Here are some exerts from that study, a link to the source has been posted at the end

“In the 1960’s a Stanford University psychology researcher Michael Mischel, demonstrated how important self-discipline is to lifelong success.He started his longitudinal study by offering a group of 4-year-olds one marshmallow, but told them that if they could wait for him to return after running an errand, they could have two marshmallows. The “errand” took about fifteen to twenty minutes. The theory was that those children who could wait would demonstrate that they had the ability to delay gratification and control impulse.

“How important is your child’s ability to delay immediate gratification? (Very important.) Is self-discipline a predictor of a child’s success later in life? (Yes.) Can a child who does not know how to delay immediate gratification be taught this skill? (Absolutely.) About fourteen years later, when the children in the experiment graduated from high school, the Marshmallow Study revealed startling differences between the two groups: the children who waited and did not gobble up the single marshmallow, were more positive, self-motivating, persistent in the face of difficulties, and able to delay gratification in pursuit of their goals. They had developed the habits of successful adults. The habits, the centerpiece of which is delayed gratification, point to more thriving marriages, greater career satisfaction which leads to higher incomes, and better health.
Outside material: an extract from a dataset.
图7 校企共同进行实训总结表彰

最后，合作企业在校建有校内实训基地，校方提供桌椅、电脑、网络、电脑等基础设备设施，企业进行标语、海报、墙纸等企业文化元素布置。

On the whole, the preschoolers who were able to wait for two marshmallows, over the course of their lives, have a lower BMI, lower rates of addiction, a lower divorce rate and higher SAT scores.!” (i)

Life is all about delayed gratification, here are just a few examples

School/College

Graduating from college is one of my greatest achievements

Many of us spend four years or more in college to reach a professional goal. Lets face it college is hard, we work hard and study hard. We give up free time with our friends and family! Learning new knowledge can be frustrating and difficult. Its alot easier to quit!   We delay our gratification for the hopes of a larger reward in the future! The dream of achieving a goal!

Saving Money

For those that want to buy a house, go on an expensive trip, or buy a new car we all know that you have to save ! You have to cut costs. This may be in the form of decreasing food bills, so eating at home instead of out. This could also mean forgoing the purchase of new clothes or other expenses! Saving money is hard, no one wants to go without the things we enjoy! The rewards can be great! Well worth the sacrifices! Many people in the United States run up credit cards because they do not save money or wait to make a purchase!

Marriage

Marriage is hard! There are good times but there are hard times as well. The United States has a divorce rate of  of 50%. I honestly believe that alot of divorce is related to individuals inability to see the future good through the difficult situation.
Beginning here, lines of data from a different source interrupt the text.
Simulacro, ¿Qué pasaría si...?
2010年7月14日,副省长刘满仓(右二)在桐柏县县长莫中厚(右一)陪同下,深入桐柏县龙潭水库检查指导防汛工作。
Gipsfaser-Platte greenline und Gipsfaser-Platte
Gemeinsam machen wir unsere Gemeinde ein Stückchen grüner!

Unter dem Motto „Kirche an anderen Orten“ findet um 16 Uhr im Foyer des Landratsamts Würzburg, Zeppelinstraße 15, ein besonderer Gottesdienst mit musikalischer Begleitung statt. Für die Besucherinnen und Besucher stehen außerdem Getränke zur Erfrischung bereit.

 Life is a series of difficult choices!

Are we willing to forgo something now to get something better at a later time. Will you wait for the second marshmallow or gobble up the one you have now ?

This is an important skill to teach our children. This ability to delay gratification will have lasting effectw on their entire lives. We may have the means and the desire to buy our kids whatever they want, but should we ?
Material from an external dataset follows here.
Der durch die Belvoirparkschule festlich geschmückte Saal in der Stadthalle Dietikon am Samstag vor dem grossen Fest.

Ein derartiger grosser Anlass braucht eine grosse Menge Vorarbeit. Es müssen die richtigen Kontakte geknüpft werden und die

Does it truly make them happy?

What does it teach them about life? 

Is it preparing them for the real world?

I have the means to buy my daughter a balloon every-time we go to the store. I choose to make her wait for a special occasion. I choose to teach her that THINGS are not what make us happy. I teach her that waiting is beneficial, and that it can yield a larger goal. It is hard to tell a child no! They get upset and cause a scene at a store. They may interrupt your chores with their whining. It is easier to give in, to say yes, to bribe them with things!

The reality is that children need to hear no. The world says no, alot! I choose to prepare my child for the future knowing that she can work towards a goal and that it does not need to be immediate.  That waiting can make it that much better! That waiting and working can turn a no into a yes!